Command Line Interface

Tigerfish was written by Robin Aguilar while in the Department of Genome Sciences at the University of Washington.

Official code website: Tigerfish GitHub Repo

The Tigerfish workflow is managed by Snakemake which is used to scale and automatically deploy pipeline jobs in parallel as described in our getting started page.

Each script in the Tigerfish workflow has a set of parameters that may be modified by users which are found in the pipeline’s config.yml file.

As a user, one would only need to modify arguments from the config.yml file in order to get Tigerfish working. Named arguments are defined in detail below.

Recommended default parameters are also provided that were used for probe mining in the latest version of the CHM13 (V2.0) genome.

Named Arguments in config.yml for main workflow

Required files for getting started

fasta_file: File path. The genomic reference file used for probe design. Should includes all scaffolds of interest in the provided genome in proper FASTA format.

chrom_sizes_file: File path. The chromosome sizes file containing all scaffolds and scaffold lenths.

If one is unsure of whether they have the correct chrom.sizes file for a given genome build, it may be derived using the following command on a Linux terminal:

$ pip install pyfaidx \
 && faidx input.fasta -i chromsizes > sizes.genome

bed_file: Optional file path if set to “TRUE” for defined_coords. This BED file should contain tab seperated positional information (chrom, start, stop) for a target repeat region of interest.

Run modes

  1. defined_coords: string Boolean flag. If marked as “TRUE” a BED file path must be provided for the bed_file parameter. If parameter is not being used, it should be toggled to “FALSE”.

  2. repeat_discovery: string Boolean flag. If marked as “TRUE”, Tigerfish will be implemented to search for repeat specific chromosomes along select scaffolds or the entire geome as long as scaffold names are listed in the samples parameter. If defined_coords is being used instead, toggle repeat_discovery = “FALSE”.

  3. probe_cand_binding: string Boolean flag.
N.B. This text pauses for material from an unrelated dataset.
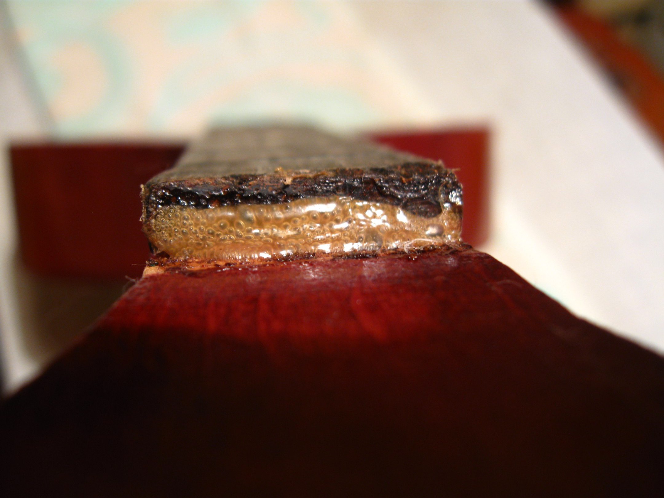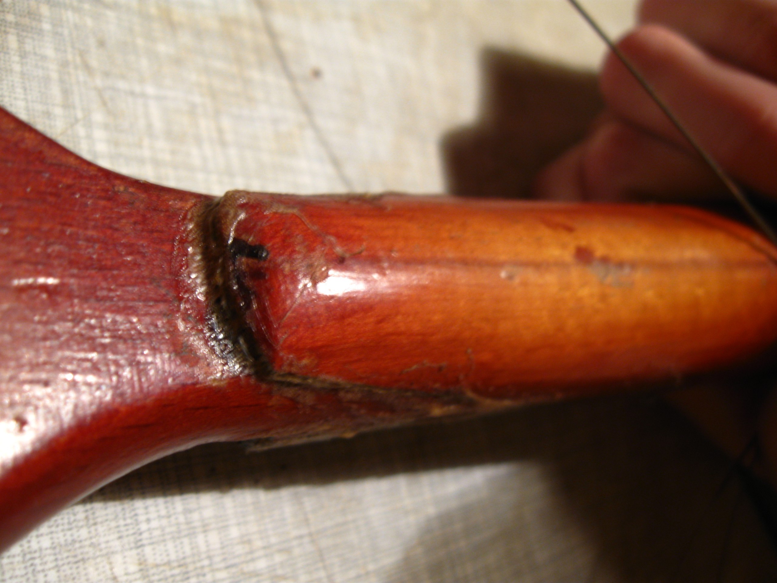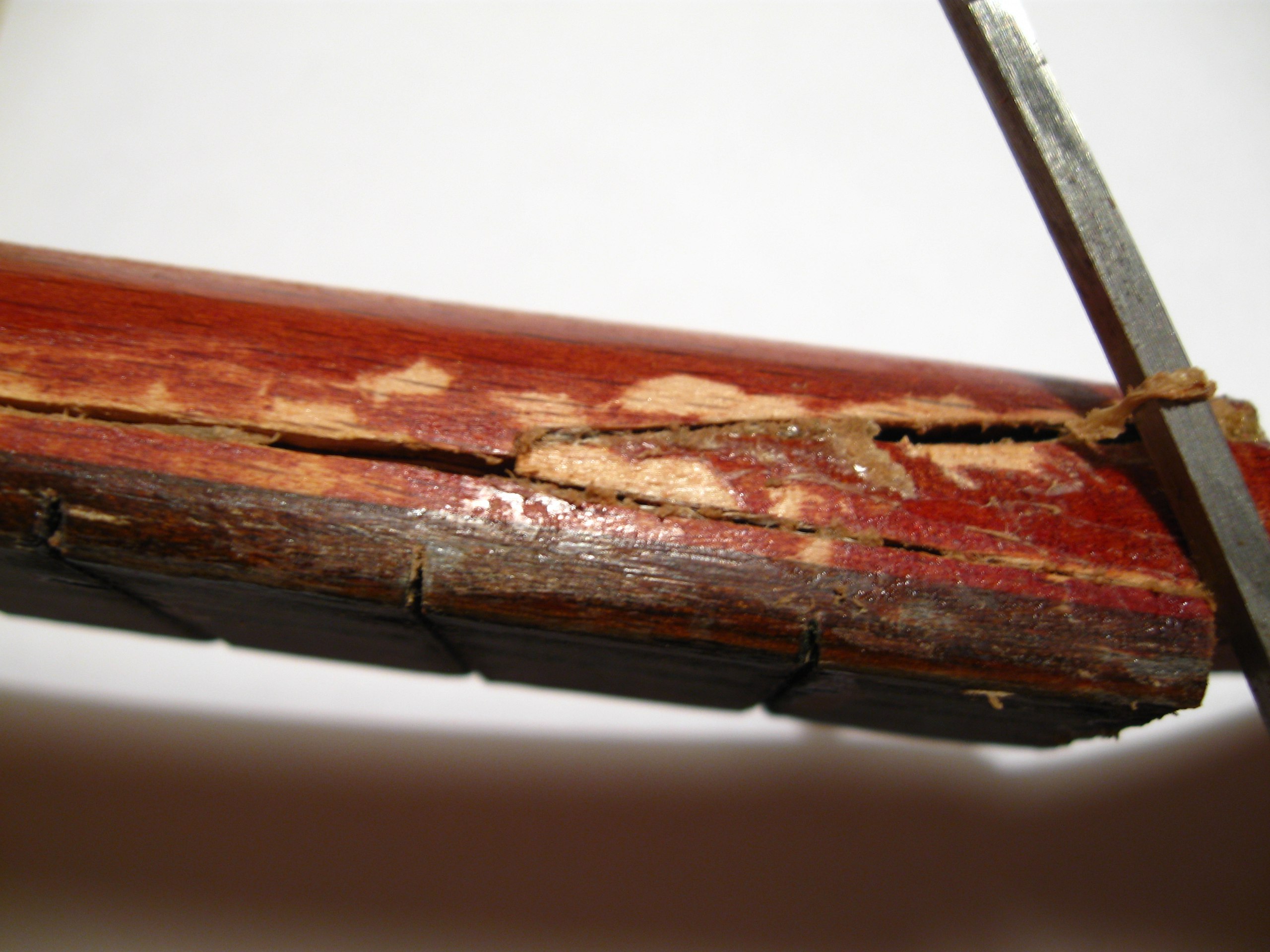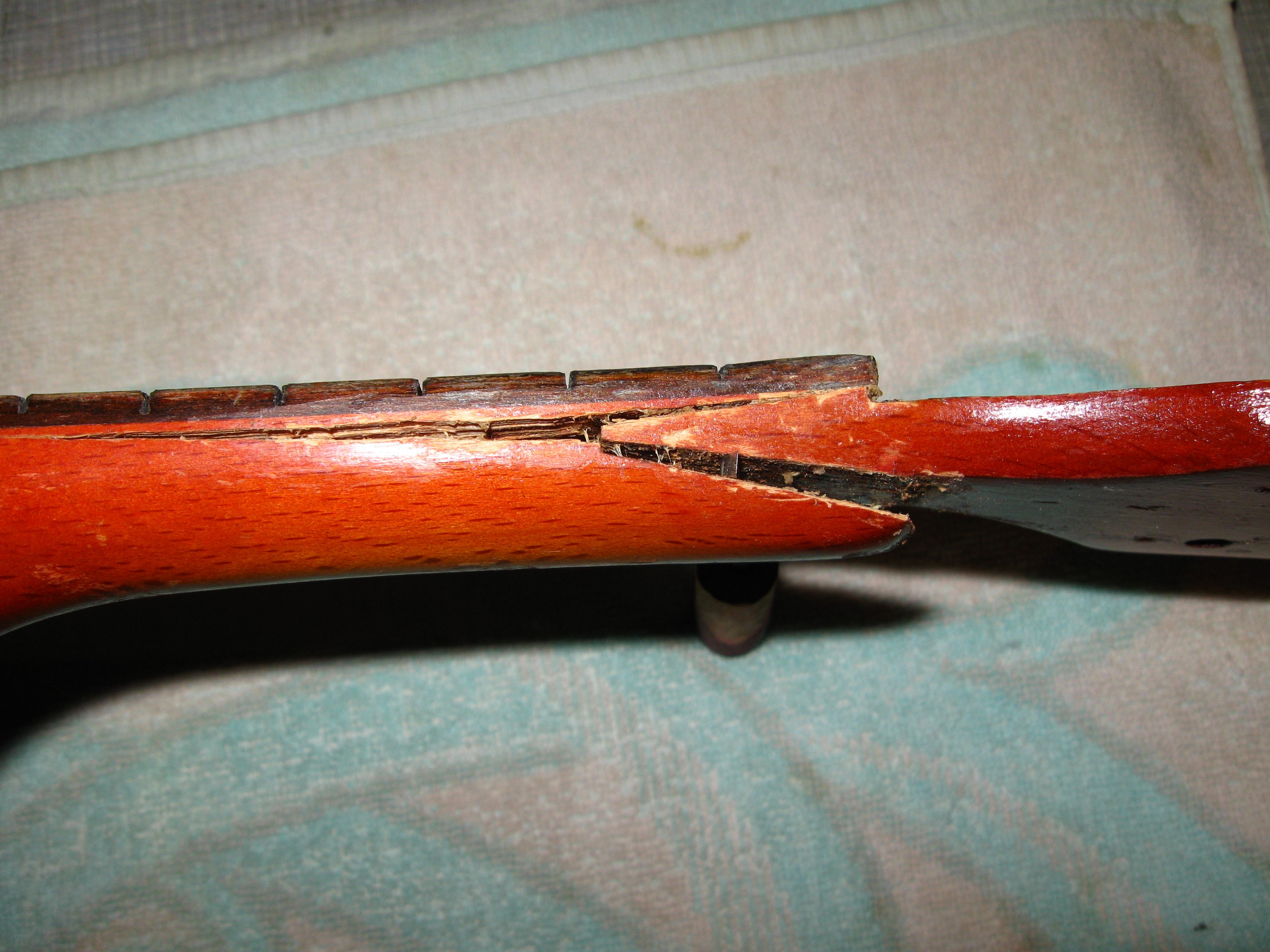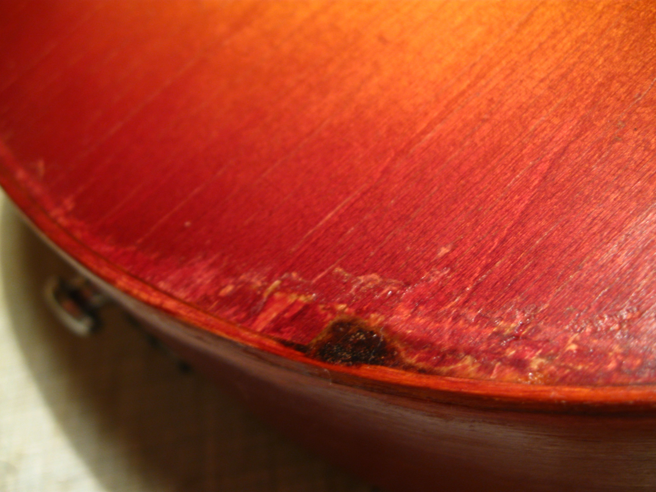 Тут нехватало кусочка на верхнем слое фанеры, а нижние были измочалены - судя по всему, сюда удар и пришёлся. Ничего страшного, супер и древесная пыль. Часть деки лишилась лака из-за снятия насёров момента, на фото уже подправлено так же, как и на грифе.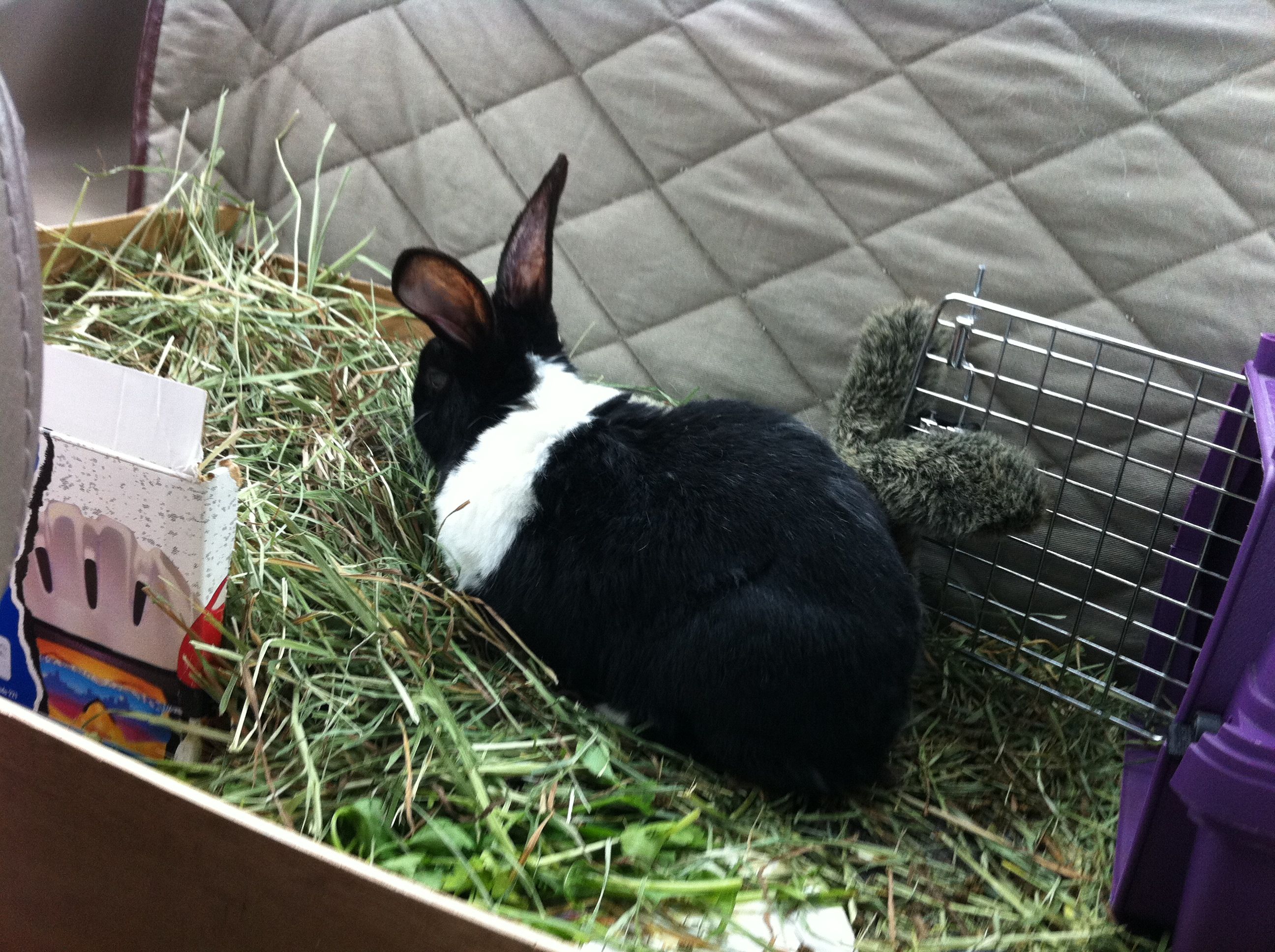In January 2012, Cali was put to sleep and Opie was clearly confused and lonely. We gave him two stuffed bunnies and he was found cuddling next to them and occasionally even grooming them. He was blind, but still moved throughout the house, slowly. In June 2012, Matt built him a platform that would fit in the backseat of a car to make it easier for him to travel. He was loaded into the same Honda Accord in which he arrived in San Diego 10 years ago, making the reverse trip back to his hometown of St. Louis. He lived 6 comfortable and calm months with the Hughes in Manchester, MO – the logistics of him continuing on to New York with us too great. Susan and Emily provided excellent care and attention to a rabbit that definitely deserved it.

If marked as “TRUE”, Tigerfish will be implemented to take probe candidates that have undergone alignment_filter to generate genome wide binding information and chromoMaps of repeat targets. All other run modes should be toggled to “FALSE” for expected behavior.

Ways to direct Tigerfish behavior with provided files

bowtie2_indices_given: string Boolean flag. If marked “TRUE” users must provide a valid file path to a correctly derived Bowtie2 index. If marked False a Bowtie2 index for the queried genome of interest will be made de novo. Examples of how Bowtie file paths are provided are further described in our documentation and tutorials.

bowtie2_dir: File path. The provided file path to a valid Bowtie2 index. If bowtie2_indices_given is labeled FALSE, leave this directory path as empty “”.

jf_hash_given: string Boolean flag. If a Jellyfish hash query has been created for a desired genome of interest prior to implementing Tigerfish, this may be specified here as “TRUE”. If not, a hash query will be created for the entire genome of interest de-novo.

jf_hash_dir: File path. If jf_hash_given: “TRUE”, a file path must be provided to where this file is located. If no directory is provided, leave this string empty as “”.

jf_count_given: string Boolean flag. If a Jellyfish k-mer count has been conducted for a desired genome of interest across all scaffolds prior to implementing Tigerfish, this may be specified here as “TRUE”. If not, Tigerfish will create Jellyfish count files for all scaffolds de-novo.

jf_count_dir: File path. If jf_count_given: “TRUE”, a directory must be provided where the Jellyfish count files may be found. If no directory is provided, leave this string empty as “”.

chrom_idx_given: string Boolean flag. If Tigerfish has been implemented on a desired genome de-novo using repeat_discovery mode, it has created scaffold index files for mapping repeat regions. Should one choose to re-run Tigerfish with differing downstream parameters, but one wishes to avoid regenerating these files de-novo, one can toggle that a directory path exists for these files.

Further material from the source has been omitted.